Now it is easy to be cynical about this corporate obsession with chlorophyll. “Greenwashing” is the charge laid at the corporate door, with companies’ laundry suspected of being heavily soiled under the repeated green rinses. These corporate brochures may be more dream than reality, but if you don’t dream, you don’t plan; and if you don’t plan, nothing changes.
When a company sets a net zero target it creates a vision, a dream of the future that sets in motion all the plans to get us to that future. Earlier this year we looked at the proportion of companies in our regional portfolios that were dreaming up green visions of the future in the shape of a net zero target.
As we can see, there are lots of visionaries in Europe, and precious little eco-dreaming going on in Asia. The vast majority of continental European companies had set net zero targets, while around half of those in the UK had done so, with a little less in the US. Only around one quarter of companies in our LF Canlife Asia Pacific Fund had set net zero targets, and most of these were based in Australia and New Zealand. I will fully allow that the pace of change is fast, with companies quickly scrambling to catch up by setting net zero targets, so this data is undoubtedly already out of date. But you get the picture. The denizens of the world are not at one when it comes to worrying about climate change.
Beyond a vision, you need carrots and sticks to get companies trotting meaningfully towards that distant goal of a net zero world. In a series of calls we have held with companies regarding their net zero ambitions, it is interesting to see that when it comes to US companies, the stick is for the moment a pretty thin-looking reed.
When asked whether anything would change for their business if they set no such goal and they carried on with business as usual, a fair bit of head scratching occurs. Mumblings about embracing market opportunities provided by environmentally-aware consumers and the potential to cut costs by reducing energy bills do not suggest that these companies would suffer much if they missed their net zero targets.
In Europe, it is much clearer. For many industries, a lack of action means almost certain de-certification given inexorably rising environmental standards, ballooning carbon credit bills (which will snare ever more industries as years pass) and potential to lose sales to customers who have to prove they are reducing carbon intensively in their supply chains. No action is just not an option.

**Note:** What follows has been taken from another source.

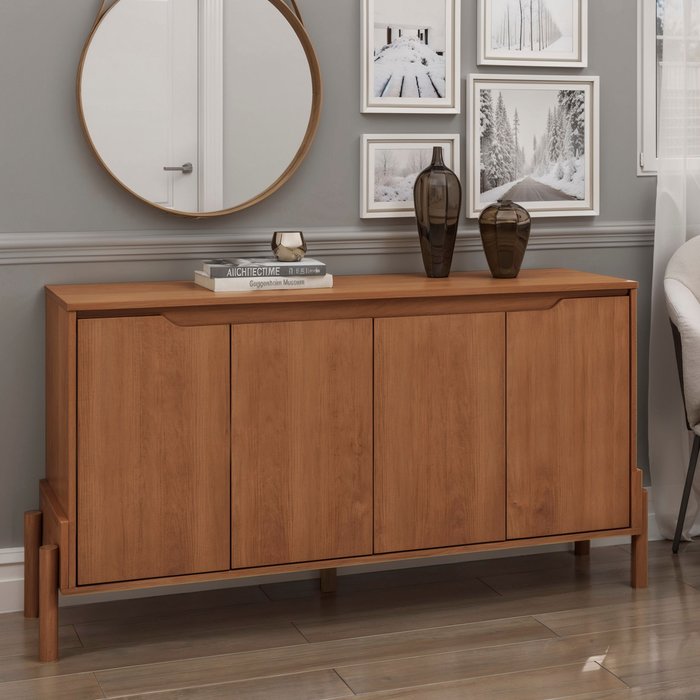 Buffet Aparador 4 Portas com Pés em Madeira Áurea:cinamomo cinamomo

It is the same story when it comes to the carrot. You can’t even make a meaningful stab at looking at what incentive targets are set for Asian executives, given how coy they are about even disclosing them. But if you move on to the USA you will see that amongst the country’s 30 largest companies Visa, Alphabet, Mastercard and Nike are the only companies to even mention environmental goals in their incentives. Even among this small list, environmental goals are vaguely worded and insignificantly small. For US companies, a decent number of companies have set net zero targets. But in the absence of either sticks or carrots, for the moment the vision of a net zero future looks like, well, just a dream.
Where things do start to get serious is in Europe. UK companies do not do badly, with 50% of its largest 30 companies having set an environmental target, commendably in long-term incentive plans, which are often the juiciest part of any pay package. But top billing goes to continental Europe, where amongst its 30 largest listed companies, not a single one fails to include an environmental target. This time incentives are almost exclusively focused on the annual bonus, with ESG typically making up around 10-20% of incentives (some outliers dial this up to 30%), and green house gas reduction goals alone topping out at 10% of the maximum annual bonus opportunity.
Though this may still sound modest, it still amounts to a sea-change in a remarkably short time. An article we published just two years ago on the same topic showed that less than 1% of the variable CEO pay in a decent sample of UK companies was linked to ESG, and even less specifically linked to the environment.
From chlorophyll-filled dreams of a better future, net zero targets are starting to bring changes in management incentives. If management know what to aim for, they may even hit that target.